「また日本には来るんだろ。ここには顔を見せるんだろうな?アーン」
「フッそれはどうかな!」
「お前がそのつもりなら俺様が行くから問題はねぇが」
「大ありだよ!」
「自家用ジェットで行く」
「ボンボンめ。」
「なまえ」
「あン!?」
「…餞別代りにイイ事教えてやろうか?シンデレラ」
「しんでれら?は?」


跡部は不敵に笑みを浮かべながら腕時計を指した。

「12時まで後15分だ。」
「……


 …!!!!」

私の顔はきっとムンクだ。

「ぎゃああー!!!はよ、はよ言えし!」
「俺様も今気付いたんだよ」
「やばっやば!じゃああたし行くわ!」
「おう。

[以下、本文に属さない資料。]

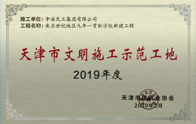 2019年度天津市市级施工示范工地-米兰世纪地区九年一贯制学校新建工程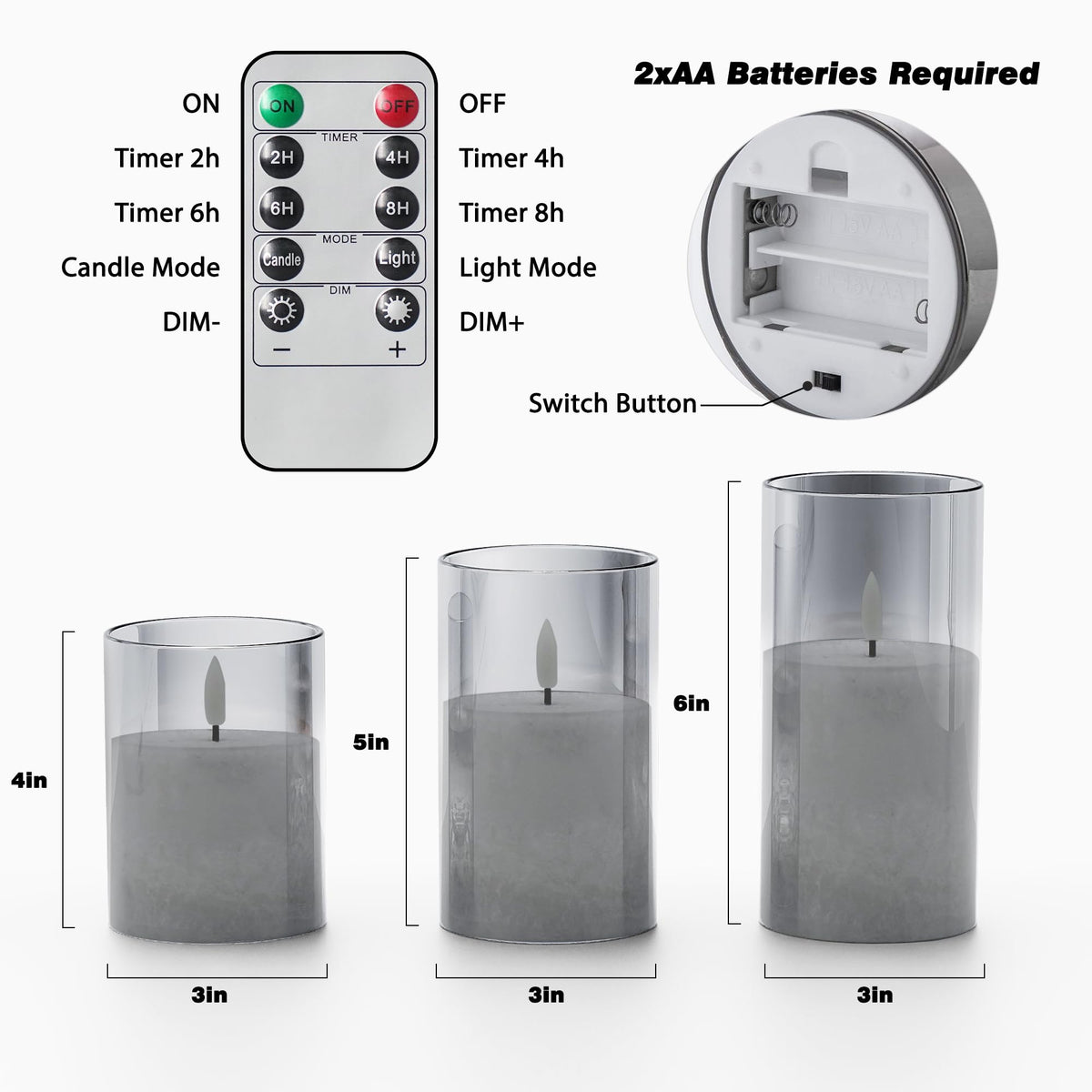 Q: What sizes are included in the VIODAIM candle set?A: The VIODAIM flameless candle set includes three candles with diameters of 3 inches and heights of 4, 5, and 6 inches. This variety allows for flexible placement and decoration options in your home.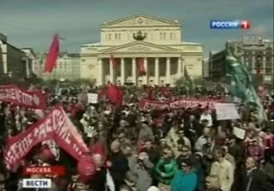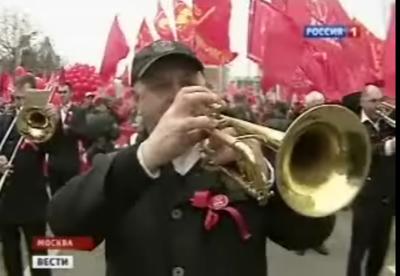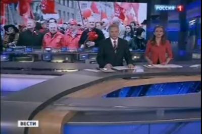 Телеканал "Россия" в вечерней программе "Вести" показал сбойку о первомайских шествиях в Москве. Отмечая массовость шествия КПРФ ведущий программы отметил, что с Кулужской площади колонна КПРФ вышла в пятитысячном составе, а до памятника Марксу коммунисты уже дощли 15-тысячной колонной.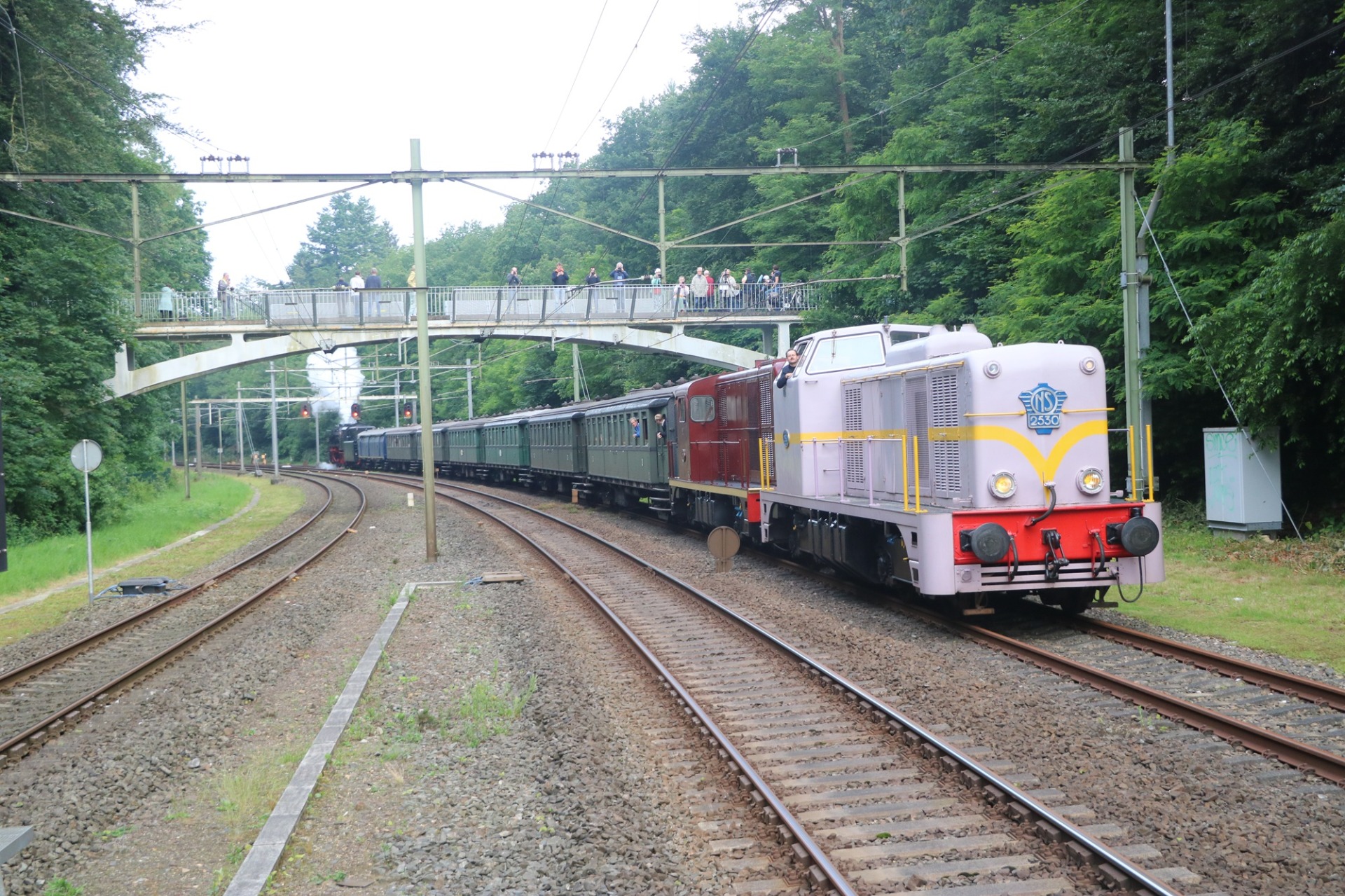 De locomotieven 2530 (in oorspronkelijke kleurstelling) en 2459 van de VSM rijden vanaf Hilversum station Baarn binnen op Spoor 1. Het betreft hier de Oosterspoor Express, een speciale trein die reed ter gelegenheid van 150 jaar Oosterspoorweg, 150 jaar station Baarn en 600 jaar Hilversum. De trein bestaat behalve uit de reeds genoemde locs uit zes Blokkendozen, Stalen D 7614 en loc DB 23.076, alle van de VSM. We schrijven 08-06-2024.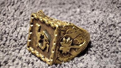 anello vintage in metallo dorato con decorazioni in rilievo su più lati.

………ってオイ!そっちは校庭だぞ!」
「んー!!!」

跡部の声を背中で聞きながら私は自己トップスピードで校庭に向かった。正確には、校庭方面校舎沿い。だ。
ロータリーを突っ切って曲がれば、あー!と声が揃って向けられた。


「「「苗字先輩!!」」」
「はっけーん!」

彼らにはお世話になった、すっごい。めちゃ癒しだった。
ということで、準レギュの皆に挨拶無しで立ち去ろうなんて、義理人情に欠けた真似はできやしない!

「苗字先輩!マジ久しぶりっす!」
「元気でした!?」
「怪我してません!?」
「先輩あの日クソかっこよかったです」
「俺今の苗字先輩すげー好み!」「お前どさくさに紛れて何言ってんだよ!」
「ぜんばいのむじつ、じょうめいざれてよがったっっず!!!」
「おま、きたねぇよ!」
「先輩のドリンク飲めなくなんのかぁ…!」
「つれーッスよ先輩!!」

どうやら、ここも相変わらず優しいらしい

「みんな、ずっと信じててくれてありがとう…!」

「そっそんな!先輩」
「やめてくださいよ、おれらべつに」

「ううん、君らには救われっぱなしだったから。ほんとに感謝してるの!


――ありがとうね!」

いっぱいに手を広げて、近くにいた子達まとめてぎゅっとハグをする。
照れ臭そうに笑う彼らは最初から最後まで癒しであった。

「時間無いからもう行くね!」

「先輩!」
「?」

「今のレギュラー陣は正直、クソ強ぇけど」
「俺達頑張りますから!!」
「いつか」

「いつか、また来てください!!」

あっちもこっちも、向上心の強さはいい勝負だ。(こりゃレギュラーの彼らもうかうかしてらんないな。)

「下剋上、期待してる!!」

元気よく揃った返事を背中に聞きながら、私は学校のフェンスを飛び越えて通りに出た。
12時まであと5分。
屋根伝いに走ればギリギリ間に合う、か…!?

ぎゅっと足元に力を込めた瞬間。

「ドカスが」
襟首がぐいっと引っ張られました。